Claiming recent press comments about the bank had firmed his resolve, the chairman added: "We have a strong, robust independent future and we are clear that we have the ability to improve through our own organic efforts."

NatWest's statement of its commitment to independence sent the group's shares 35.5p lower to 834.5p, reversing some of the gains since the beginning of May when takeover speculation started to surround the share price. Lord Alexander scotched rumours that merger discussions had foundered on the proposed allocation of senior executive positions: "They were exploratory talks and never got near talking about jobs."

Underlying group pre-tax profits of pounds 775m were marginally ahead of the forecast made at the time of NatWest's profits warning in June, but analysts left a meeting with the bank yesterday unconvinced that it was fully addressing its perceived weaknesses. "Can do better was the message," one said.

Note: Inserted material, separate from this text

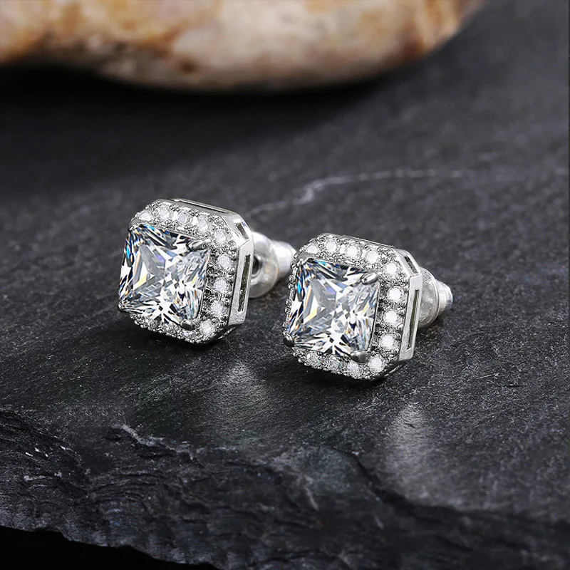 Серьги-гвоздики женские, квадратные, с изумрудным кристаллом, из се...

John Leonard, analyst at Salomon Brothers, said: "The new divisional breakdown really lays out how weak parts of NatWest Markets have been." Another complained: "It is hard to see what key programmes they have got in place to get NatWest Markets to perform better."

The City was also disappointed by an apparent abandonment of any plans to return excess capital to shareholders through a share buy-back. According to Mr Wanless, the group's capital base was in line with its target range, disappointing analysts who had hoped for a return of up to pounds 700m to shareholders. The dividend for the six months to June was also less generous than expected, up 10 per cent to 10.6p a share.

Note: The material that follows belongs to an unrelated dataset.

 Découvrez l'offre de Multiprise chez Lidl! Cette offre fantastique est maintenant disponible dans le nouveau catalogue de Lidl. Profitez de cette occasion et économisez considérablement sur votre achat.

Group profits were driven by more than doubled profits from NatWest UK, the core retail and commercial banking operation. Profits of pounds 453m from that division compared with pounds 222m, but last year's figure was distorted by the cost of disposals and branch closures. Before these costs, the rise in profits was a more subdued 4 per cent and Mr Wanless struck a pessimistic note on the prospects for income growth in retail banking, which has become increasingly competitive.

The rise in profits at NatWest UK disguised a collapse in profits from NatWest Markets from pounds 219m to pounds 58m. That represented a fall in profits even after the pounds 85m hit attributed to an interest rate option pricing error early in the half. A cover up of that derivatives loss has since cost the jobs of six senior executives, including the chief executive, Martin Owen.

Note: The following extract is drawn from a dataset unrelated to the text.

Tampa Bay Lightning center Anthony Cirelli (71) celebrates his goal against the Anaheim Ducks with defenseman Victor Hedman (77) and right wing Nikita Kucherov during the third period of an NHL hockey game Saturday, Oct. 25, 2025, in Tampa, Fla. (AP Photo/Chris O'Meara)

NatWest Markets suffered from a sharp rise in its cost base following the recent acquisitions of businesses costing more than pounds 1bn. The purchases of Gleacher, Greenwich Capital and Hambro Magan contributed to a pounds 30m rise in the division's operating income but led to a 51 per cent jump in costs from pounds 398m to pounds 600m.

NatWest Markets made a return on the capital employed in the business of only 2.4 per cent during the half year, which Mr Wanless admitted was "inadequate". That return compared with more than 25 per cent from the core high street bank and dragged the group total down to 13.4 per cent, below NatWest's own 17.5 per cent target.

Even that increase would leave NatWest well behind its best performing rivals such as Lloyds TSB, which last week unveiled a sharp rise in its return on equity to over 40 per cent.

Mr Wanless insisted last week's reorganisation, which sees NatWest Markets predictable and highly profitable treasury operation taken back into the group, was not just a cosmetic exercise. "I'm confident now, with the new management in place, that they'll get the return up."

It was announced last week that Konrad "Chip" Kruger, an internal candidate, would lead NatWest Markets as chief executive. Mr Wanless refuted the accusation that Mr Kruger's appointment followed a failure to attract a heavyweight outsider to the position.

Questioned on possible acquisitions, Mr Wanless said it made strategic sense for NatWest to expand its interests in long-term savings and pensions by buying an insurance company. But he said current valuations made a deal unlikely.